# Bellator signs England's Martin Stapleton, Rob Sinclair and Paul Sass



## OU (Sep 26, 2012)

http://www.mmajunkie.com/news/2013/...s-martin-stapleton-rob-sinclair-and-paul-sass


> After a recent scouting trip to the United Kingdom, three top English fighters are heading to Bellator.
> 
> The organization today announced it has signed Martin Stapleton, Rob Sinclair and Paul Sass to long-term contracts, though terms of the deals weren't disclosed. Debut dates also haven't been announced, though tournament entries are possible.
> 
> ...


----------



## joshua7789 (Apr 25, 2009)

They should stop picking up UFC cast off's until they win a couple more fights. In picking up Sass, they just signed a fighter who dropped his last two fights, which both took place in the UFC. Not exactly adding a lot to your credibility.


----------



## Spite (Jul 7, 2009)

Sass is one for the future, he's young and talented. Thought it was a bit harsh dropping him as he's only lost his last 2.

You watch... I bet a Bellator will get a TV deal that makes them more accessible than the UFC.


----------



## OU (Sep 26, 2012)

joshua7789 said:


> They should stop picking up UFC cast off's until they win a couple more fights. In picking up Sass, they just signed a fighter who dropped his last two fights, which both took place in the UFC. Not exactly adding a lot to your credibility.


Yeah but there were plenty of people that thought Sass deserved another opportunity. It's not like he was a total bust in the UFC. He had some nice wins. He was 3-2 in the UFC with 3 finishes in a row. His cut could have been pay related because his performance wasn't that bad. He actually created a little buzz on his win streak. I think it's a good move. Sass is still better then some fighters currently in the UFC.


----------



## joshua7789 (Apr 25, 2009)

OU said:


> Yeah but there were plenty of people that thought Sass deserved another opportunity. It's not like he was a total bust in the UFC. He had some nice wins. He was 3-2 in the UFC with 3 finishes in a row. His cut could have been pay related because his performance wasn't that bad. He actually created a little buzz on his win streak. I think it's a good move. Sass is still better then some fighters currently in the UFC.

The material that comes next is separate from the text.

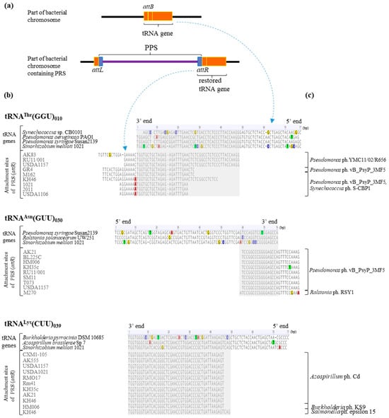 Using two integration “hot spots”, genes 039 and 030, and gene 010, we analyzed the complementarity in the sequences of the attP and attB sites corresponding to PRSs and the sequence of the corresponding tRNA gene in S. meliloti. The gene sequences of the corresponding tRNAs of other bacterial species that were potential hosts for the aforementioned phage groups were used as a comparison group.

I totally agree that Sass should have gotten one more shot and that he is plenty talented, I just think it would have served Bellator to let him win a couple of regional fights before signing him. Picking up guys that are on a losing streak (even short ones) never looks good.


----------



## OU (Sep 26, 2012)

joshua7789 said:


> I totally agree that Sass should have gotten one more shot and that he is plenty talented, I just think it would have served Bellator to let him win a couple of regional fights before signing him. Picking up guys that are on a losing streak (even short ones) never looks good.


I see what you are saying I just don't agree. I think if you have the opportunity to get a talented fighter you do it. Casual fans won't remember him and hardcore fans think he should still be in the UFC. No harm done here IMO.


----------



## UKMMAGURU (Nov 15, 2009)

OU said:


> I see what you are saying I just don't agree. I think if you have the opportunity to get a talented fighter you do it. Casual fans won't remember him and hardcore fans think he should still be in the UFC. No harm done here IMO.


Agree. Plus Sass was cut in February so i suspect he was holding out for Bellator - there's no doubt in my mind the likes of Cage Warriors or BAMMA would have tried to sign him (and obviously failed) already.

And if you don't know them;

Martin Stapleton (12-1) completed on TUF 9 (the one Ross Pearson won) and since the show is on a five fight winning streak, ironically his only loss was to Paul Sass in 2008.

Rob Sinclair (12-2) current BAMMA LW champion and in my opinion the best of the three, despite this, one of his loses was also to Paul Sass in 2009.

Three very good signings, all capable of doing well.


----------



## Stun Gun (Oct 24, 2012)

The way I look at this is, who cares if Bellator takes the cut guys from the UFC, it adds to their roster. Not to mention fans of the fighters can see them fight easier by going to Bellator. I' am a Paul Sass fan, so I'm happy for him.


----------



## kantowrestler (Jun 6, 2009)

It's no secret that Bellator is trying to compete with the UFC. This is just part of their larger strategy to compete with them. They reach out to larger markets with fighters from that market.


----------



## Stun Gun (Oct 24, 2012)

Honestly its a good move to pick up some more well known Brits. To the Brits on here, are you guys able to watch Bellator? If not I think they should really expand to the market


----------



## UKMMAGURU (Nov 15, 2009)

Stun Gun said:


> Honestly its a good move to pick up some more well known Brits. To the Brits on here, are you guys able to watch Bellator? If not I think they should really expand to the market


No.

But for sure I'll be taking a more active interest in Bellator cards containing these fighters.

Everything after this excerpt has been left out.